I tried every single solution known to me, inline assembler, intrinsics, threading – hell I even tried core parking and assigning thread/process priority. The best result I had gave me 7.2 gibibytes per second, but nothing ever got me anything more than that.
So I started running Benchmarks that measured memory performance. None showed any anomalies, latency and speeds are very close to the maximum memory throughput my Intel i5-4690 is rated for.
I didn’t understand why my own application didn’t manage to get even half of that – technically mine was literally hogging the entire CPU, sharing it with nothing else, so it should’ve performed better.
That is until I randomly discovered a trick, if I may call it that.
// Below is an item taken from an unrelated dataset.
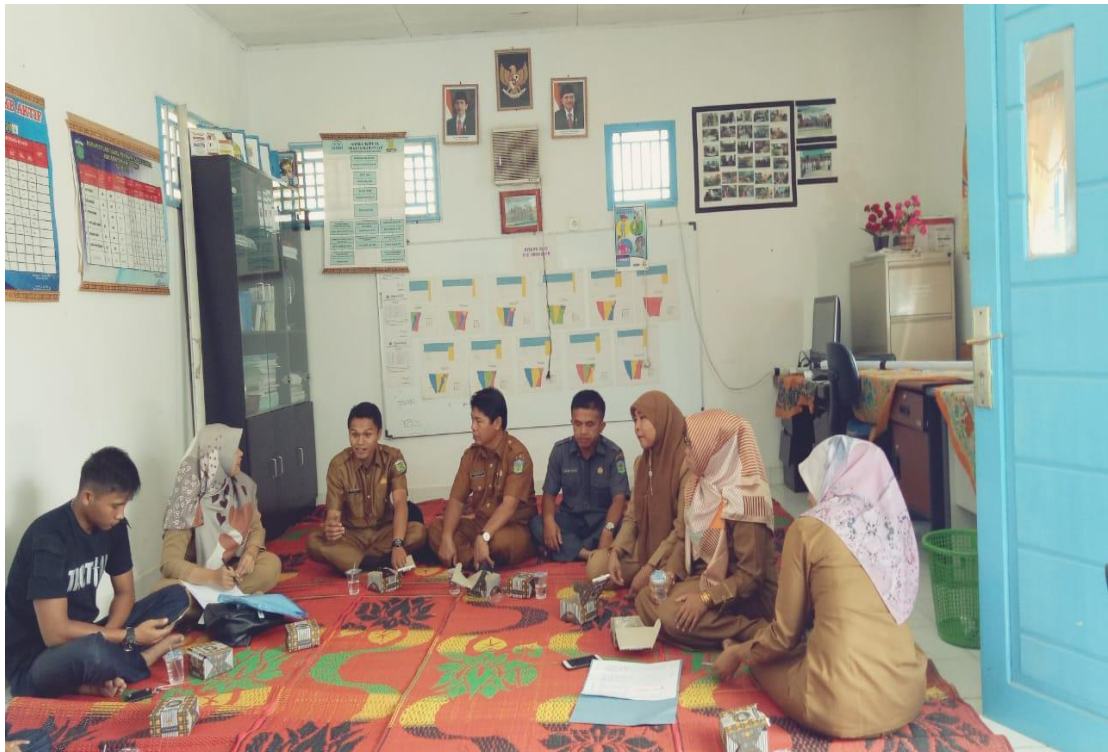
Pertemuan/rapat teknis program KKBPK

It turns out that if the size of the memory you allocated is smaller than the L2 cache your memory throughput suddenly explodes: Instead of just measly 7 gibibytes per second, I was now at 42 gibibytes per second – an increase of 35 gibibytes! Even higher than the CPU was actually rated for!
Except there was a weird side effect: Depending on when the test was launched, it would either only cap out at just below 21 gibibytes per second or use the full 42 gibibytes per second.
And that’s not all, most of the memcpy calls took next to no CPU cycles at all – a sign that something else was happening. So:
What’s really happening here?
It seems that we have found a point where either Intel has “optimized” a Benchmark (essentially cheating) or we are at a size where memory prefetch works for copy operations.
Both of them mean the same thing: Any Benchmark that uses memory sizes where this applies is not actually testing system memory throughput, but testing the CPUs capability to prefetch and serve cached results.
The solution for benchmarks wanting to test true system memory throughput is to increase the tested memory size to the point where it exceeds all caches.